Now obviously if the env-clearing code knew which config variables were
to be cleared and which not, it could do so. But why introduce that
complexity, when you can just stick all the stuff that should be cleared
into a new variable (and again, that can be _one_ variable for all of
this stuff).

> But all suggested variants of this (mine and yours) are going to get
> e.g. the case where the submodule also wants "warn". I.e. it's not
> enough that we're saying "warned already".
> 
> That gets us past conflating an existing "warn" with a "die", but now we
> can't tell a submodule "warn" from a superproject "warn".
> 
> For that we'd basically need to do:
> 
> 	-c transfer.$(<make path to .git, or other "unique repo id>).credentialsInUrl=allow
> 
> Or another similar mechanism, of course the most sane one to be to not
> be playing this game at all, but to just ferry this state e.g. with
> "--do-not-warn-about-this-repo" to our own children, which we'd not add
> to the command-lines when we know we're spawning a hook, or doing the
> submodule "pull/fetch".
> 
> Does that all seem right?

That seems much more complicated. Again, why bother stuffing this extra
context information into a config variable, just to work around the fact
that config isn't cleared between repositories, when there is already a
simple mechanism for clearing state when switching repositories?

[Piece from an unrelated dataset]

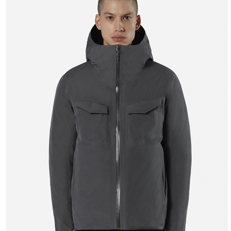外层面料上,使用防风防雪耐磨压胶防绒面料,经过防水处理,阻止雨水渗入,能保持面料长期干爽、洁净。羽绒采用先车出羽绒隔舱后充绒的方式,缩绒针细针眼搭配粗线的防钻绒工艺。

All that said, the implementation of this whole warning seems really
weird to me. If we want to warn about using such a URL, then we should
do it at the point of use. From the original commit message, the only
reason it was put where it is was to avoid sigpipe when the remote
helper dies. The solution there seems to be "have the helper die in a
less abrupt way".

And TBH, I'm skeptical of the whole feature. I don't see the point in
even warning somebody about:

  git fetch https://username:password@example.com

Maybe it's bad practice (though with password stand-ins like
restricted-access tokens, it isn't always), but at the point the user
has invoked git, there's nothing else bad that happens by doing what
they asked for.

What _is_ potentially bad is using that URL for cloning, because we then
write the credential in plaintext to the config file. And a better
solution there is probably to issue a warning, clone anyway, and then
omit the password from what we write into config. A follow-on fetch
would fail, but that is not any worse than the "die" mode of this
current config option.

There were even patches we discussed a few years ago:

  https://lore.kernel.org/git/20190517222031.GA17966@sigill.intra.peff.net/

I think the only really contentious part was the third one, which tried
to do so automagic with credential helpers. If we skipped that, then the
mode given by patches 1+2 seems strictly better than anything this
transfer.credentialsInUrl option provides.

-Peff